Mapping of the B23-interacting region in
HDAg. Panel A, schematic diagram of the His-tagged
small HDAg (dAg) and its various derivatives used for
in vitro binding assay. These His-tagged small HDAg variants
are designated by the amino acid residues of small HDAg fragment. The
binding ability of small HDAg and its derivatives with B23 are
indicated by a plus or a minus sign. Panel
B, partial purified His-tagged small HDAg (dAg) or its
various derivatives NdAg, NMdAg, MdAg, and CdAg (5 µg each) used for
the in vitro binding assay. All His-tagged dAg derivatives
were purified as described (see "Experimental Procedures") and
separated by SDS-PAGE and detected by Coomassie Blue (CB)
staining. Panel C, HeLa nuclear extracts (NE)

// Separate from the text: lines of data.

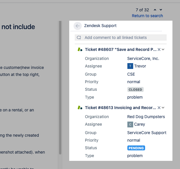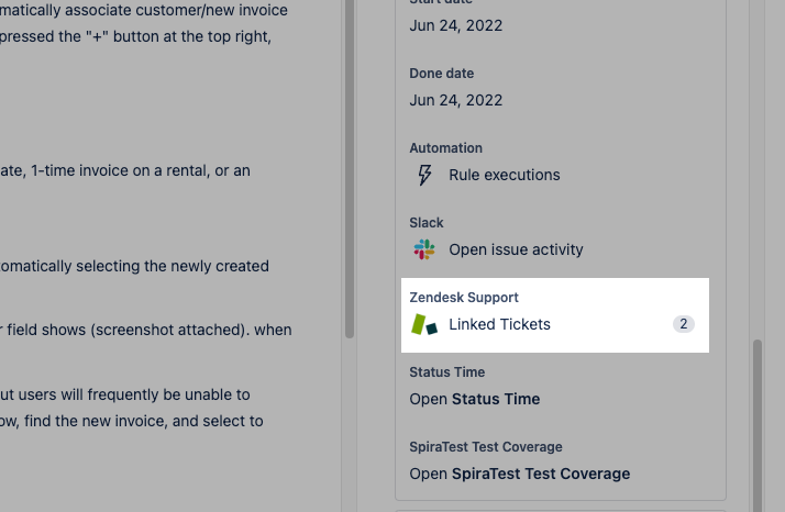 In our case, the integration would link ZenDesk tickets to the Jira ticket, and show an issue count. So at a glance I could see if a Jira ticket was linked to 100 ZenDesk tickets. Then I know in 2 seconds, wow, we have something going on here that I need to deal with.
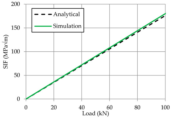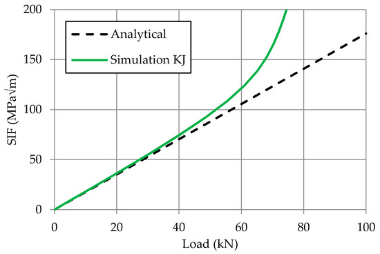 Comparison of KJ with the analytically calculated stress intensity factor.
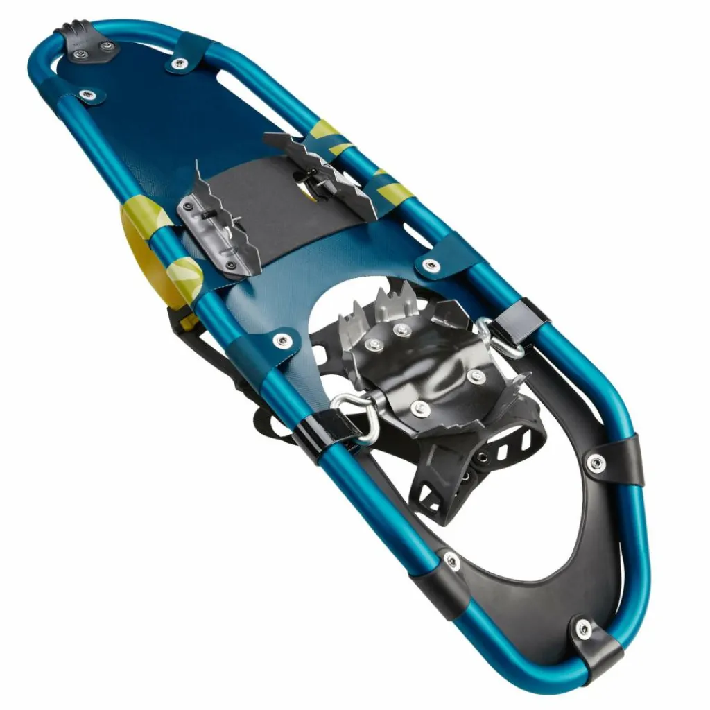 Der umlaufende Rahmen aus leichtem Aluminium ist hinten etwas hochgebogen, wodurch du deinen Fuß beim Schneeschuhwandern besser abrollen und natürlicher gehen kannst und auch wendiger im Gelände rangieren kannst.
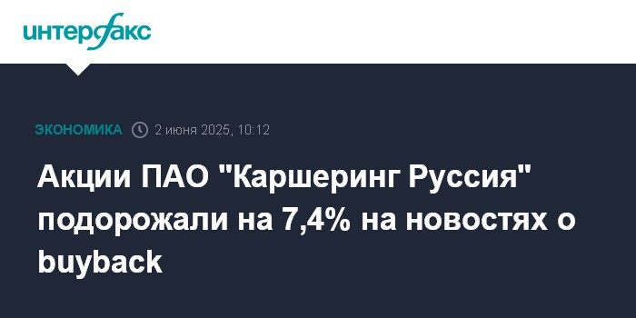 Акции ПАО "Каршеринг Руссия" подорожали на 7,4% на новостях о buyback
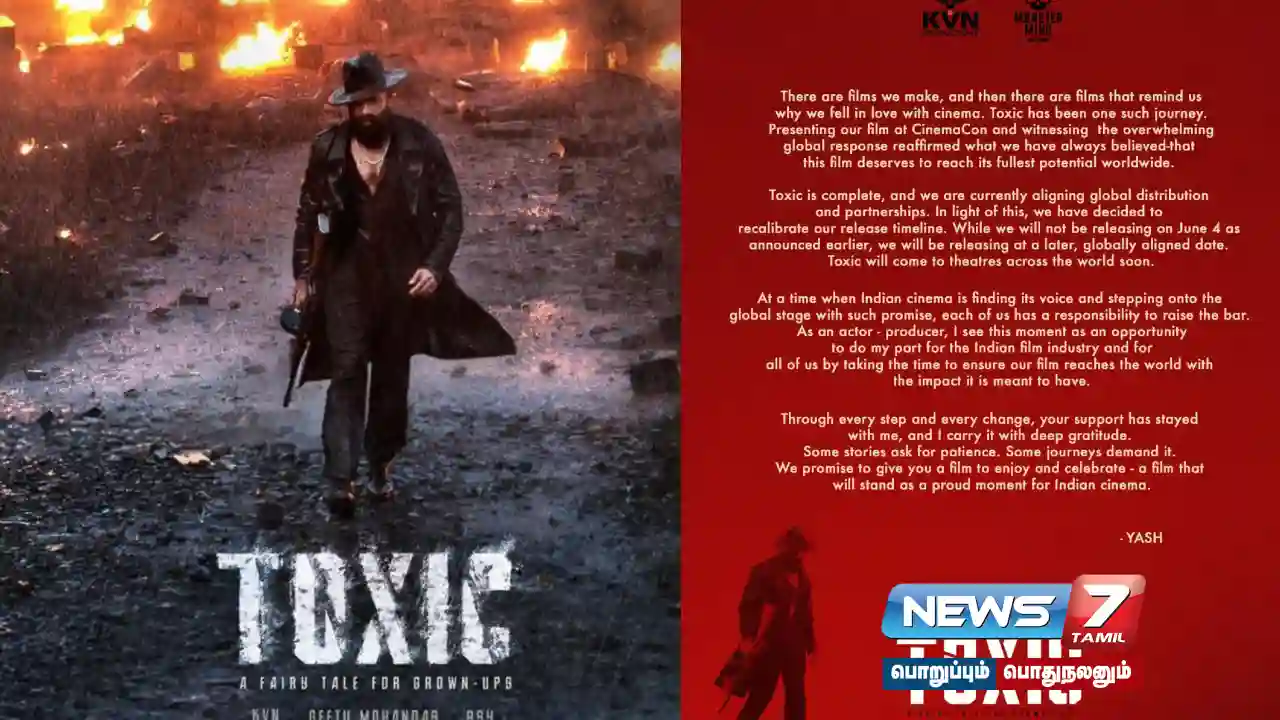 ‘டாக்சிக்’ படம் நிறைவடைந்துவிட்டது, தற்போது நாங்கள் உலகளாவிய விநியோகம் மற்றும் கூட்டாண்மைகளை ஒருங்கிணைத்து வருகிறோம். இதன் காரணமாக, எங்கள் வெளியீட்டு கால அட்டவணையை மறுசீரமைக்க முடிவு செய்துள்ளோம். முன்னதாக அறிவித்தபடி ஜூன் மாதம் வெளியாகாதது என்றாலும், பின்னர் உலகளவில் ஒருங்கிணைக்கப்பட்ட ஒரு தேதியில் வெளியிடப்படும். ‘டாக்சிக்’ விரைவில் உலகெங்கிலும் உள்ள திரையரங்குகளுக்கு வரும்.

were incubated with His resins (lane 2) or His resins
prebound with small HDAg derivatives (lanes 3-7) as
indicated, and proteins bound on the beads were eluted with sampling
buffer and analyzed by SDS-PAGE followed by immunoblotting with
anti-B23 antibody (see "Experimental Procedures"). Lane
1, immunoblot of HeLa nuclear extracts (50 µg) with antibody
against B23. Panel D, in vitro translated
[35S]Met-labeled small HDAg (dAg, lane 1),
small HDAg mutant dAg- (17-56) (lane 2), FLAG-tagged B23
(lane 3), FLAG-tagged B23 and small HDAg (lane
4), or FLAG-tagged B23 together with dAg- (17-56) (lane
5) (5 µl each) was prepared and used for immunoprecipitation
experiments. Panel E, for immunoprecipitation, the in
vitro translated products (10 µl each) as indicated in
panel D were immunoprecipitated with mouse anti-FLAG M2
monoclonal antibody prebound with protein A-Sepharose and
immunoprecipitates were analyzed by SDS-PAGE followed by
autoradiography (see "Experimental Procedures").
|
|
The interaction domains of both HDAgs within the B23 protein was also
determined by the in vitro binding analysis using the GST-HDAg fusion proteins (GST-DAg or GST-dAg) and a series mutants of
in vitro translated B23. As shown in Fig.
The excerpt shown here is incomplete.